Huge fur coats, chunky fur shrugs, linings and trims were everywhere, playing on the textural-contrast theme, surely much to the chagrin of animal-rights activists.

Peter Dundas, at Emilio Pucci, was one of those who got in on the trend, with beaver, lambswool, calf and 3-D detailing all vying for our attention. The theme was “savage chic” with Navajo inspirations, on what was cryptically described as a “quasi-primitive, luxury-kissed landscape”.

Veronica Etro’s treatment of ethnic inspirations, meanwhile, came from the Silk Road, with lurex, velvets and tapestry prints layered to a beautiful, easy effect.

Consuelo Castiglioni, at Marni, came out with some of the best designs of the season and paired gorgeous tribal feathered plume skirts with humble polo necks. Meanwhile, MaxMara made the most of masculine tailoring by layering traditional British country fabrics such as tweed, herringbone and quilting. The half-matt, half-vinyl contrasting tuxedos were especially cool.
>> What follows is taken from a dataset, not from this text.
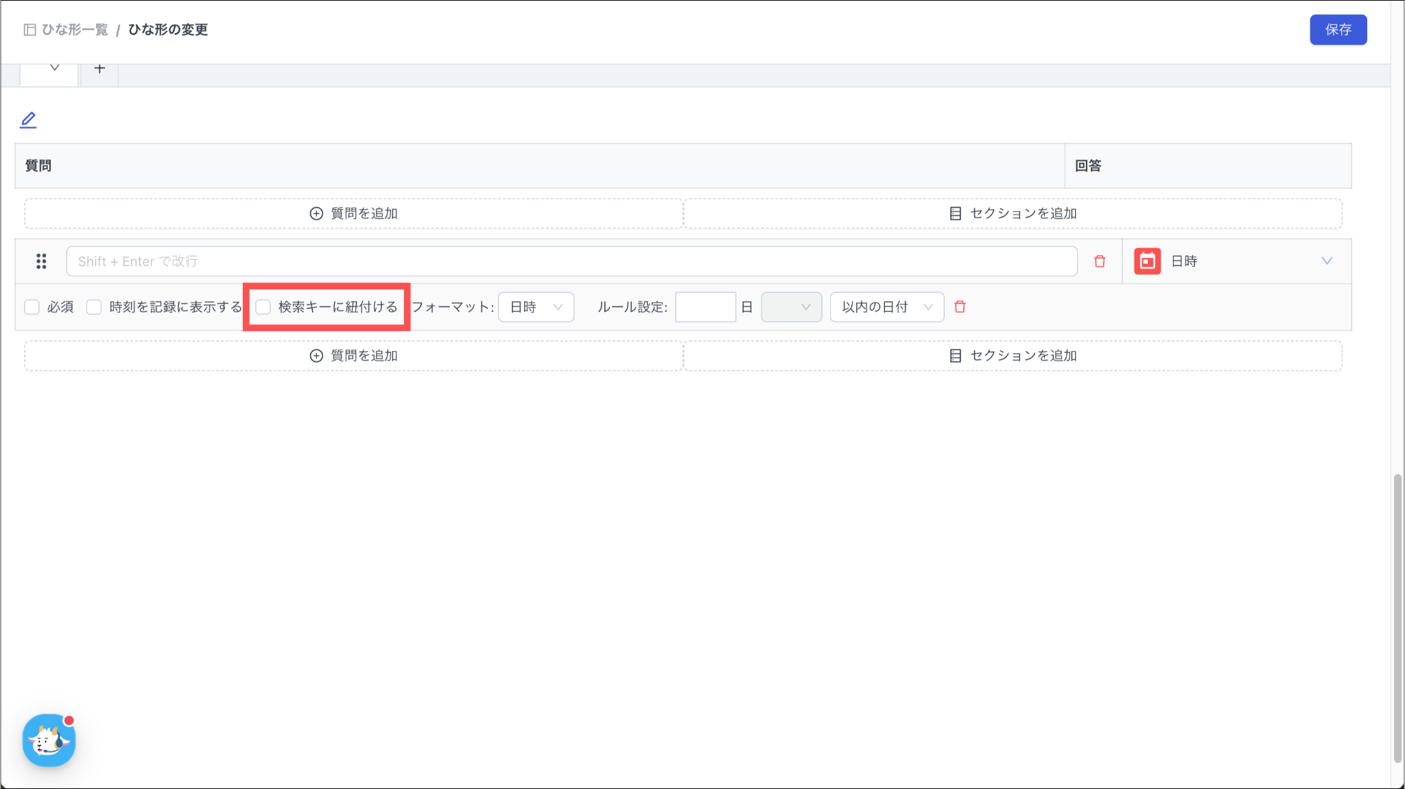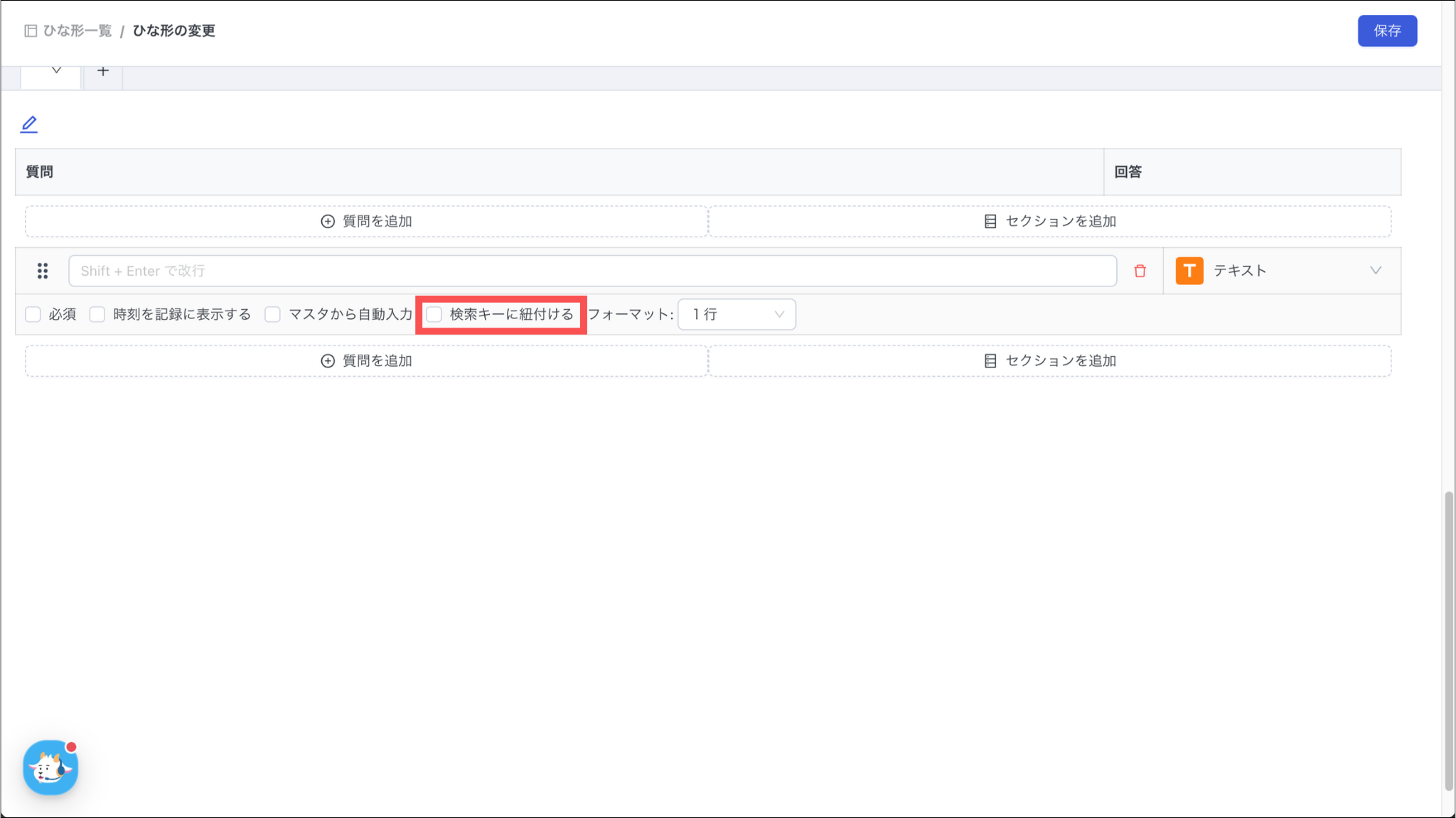 「□検索キーに紐付ける」にチェックをいれると、その回答の内容を使って、あとからレポートを検索できるようになります。

Fendi, a house founded on fur, used plenty of dark shades, enlivened by bristles along a shoulder, hip or sleeve. “Made in Italy” was printed all over the walls of the show venue to hammer the point home (although not in Italian). Video drones buzzed overhead, bringing a bit of technological futurism to the catwalk. Karl Lagerfeld and Silvia Fendi sent down big fur coats and hoods but we loved the abstract painted block prints, athletic mesh details and round-shouldered shapes more.

Cavalli proved his love of theatrics with a giant ring-of-fire catwalk; was anyone else thinking Dante’s second circle of hell? Out of the flames came fierce, forward girls draped in fur shrugs, trouser suits and sexy flapper dresses.

Another kind of vamp reigned at Prada. Miuccia Prada, arguably the queen of Italian fashion, threw out a sinister twist with her collection.

Pale models with severe centre-parted hair wore 70s prints and chunky sheepskin coats in aggressively clashing colours. These were thrown over thin, sheer gowns in a collection inspired by the German avant garde.

Dolce & Gabbana was again a law unto itself. Models emerged from an enchanted, fairy-tale forest in tunic dresses and capes but glammed up with gem-encrusted hoods, gloves and shoes inspired by the folky and the medieval.

The 60s belonged to Italy in film as well as fashion. The decade of La Dolce Vita was tapped by Versace, Gucci and even Hogan. Versace’s models had brassy buttons down the front of skirts and dresses, big backcombed hair, glossy make-up with a cat-eye flick. Donatella Versace did bias-cut dresses in fresh colours while Gucci’s Frida Giannini explored pretty pastels: pinks, powder blues, minty greens. Gucci’s A-line skirts and dresses hit above the knee, as they did at Versace, whereas most other labels opted for more conservative hemlines.

There is a painful awareness among the denizens of high fashion that those trading in the fast, mass type are hot on their heels. With the digital dissemination of shows around the globe occurring in seconds and manufacturers getting faster and better at copying ideas as well as techniques, a backlash against easily copied designs has emerged.

Digital printing and laser cutting of leathers, which seemed so futuristic just a few years ago, are now commonplace on the high street. It’s no wonder, then, that Milan returned to the more artisanal – and its biggest selling point, Italian craft. But trust young American Jeremy Scott to buck the trend. For his debut at Moschino, he revelled in ironic, “cheap and cheerful” imitations, featuring hard-core gold-buckled leathers, camp faded denims and plenty of pop culture: SpongeBob SquarePants (weird, I know), candy wrapper and cereal box finale dresses, and … McDonald’s.

Like the food, this fashion came fast, and with lashings of attitude.